EF Core has a concept of mixed client/database evaluation in LINQ queries which allows them to release EF Core versions with incomplete/very inefficient query processing like in your case.
Excerpt from Features not in EF Core (note the word not) and Roadmap:
Improved translation to enable more queries to successfully execute, with more logic being evaluated in the database (rather than in-memory).
Shortly, they are planning to improve the query processing, but we don't know when will that happen and what level of degree (remember the mixed mode allows them to consider query "working").
So what are the options?
First, stay away from EF Core until it becomes really useful. Go back to EF6, it's has no such issues.
If you can't use EF6, then stay updated with the latest EF Core version.
For instance, in both v1.0.1 and v1.1.0 you query generates the intended SQL (tested), so you can simply upgrade and the concrete issue will be gone.
But note that along with improvements the new releases introduce bugs/regressions (as you can see here EFCore returning too many columns for a simple LEFT OUTER join for instance), so do that on your own risk (and consider the first option again, i.e. Which One Is Right for You :)
Try to use this lambda expression for execute query faster.
_dbContext.People.select(x=> x.id).Count();
Try this
(from x in _dbContext.People where x.Type == 1 select x).Count();
or you could do the async version of it like:
await (from x in _dbContext.People where x.Type == 1 select x).CountAsync();
and if those don't work out for you, then you could at least make the query more efficient by doing:
(from x in _dbContext.People where x.Type == 1 select x.Id).Count();
or
await (from x in _dbContext.People where x.Type == 1 select x.Id).CountAsync();
If you want to optimize performance and the current EF provider is not not (yet) capable of producing the desired query, you can always rely on raw SQL.
Obviously, this is a trade-off as you are using EF to avoid writing SQL directly, but using raw SQL can be useful if the query you want to perform can't be expressed using LINQ, or if using a LINQ query is resulting in inefficient SQL being sent to the database.
A sample raw SQL query would look like this:
var results = _context.People.FromSql("SELECT Id, Name, Type, " +
"FROM People " +
"WHERE Type = #p0",
1);
As far as I know, raw SQL queries passed to the FromSql extension method currently require that you return a model type, i.e. returning a scalar result may not yet be supported.

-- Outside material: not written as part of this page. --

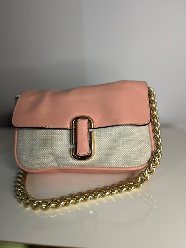 Pembe pastel sentetik kumaş ve altın zincir detaylı, modern klasik stilde kadın çantası, günlük kullanım için uygundur.

You can however always go back to plain ADO.NET queries:
using (var connection = _context.Database.GetDbConnection())
{
connection.Open();
using (var command = connection.CreateCommand())
{
command.CommandText = "SELECT COUNT(*) FROM People WHERE Type = 1";
var result = command.ExecuteScalar().ToString();
}
}
It seems that there has been some problem with one of the early releases of Entity Framework Core. Unfortunately you have not specified exact version so I am not able to dig into EF source code to tell what exactly has gone wrong.
To test this scenario, I have installed the latest EF Core package and managed to get correct result.
Here is my test program:
And here is SQL what gets generated captured by SQL Server Profiler:
As you can see it matches all the expectations.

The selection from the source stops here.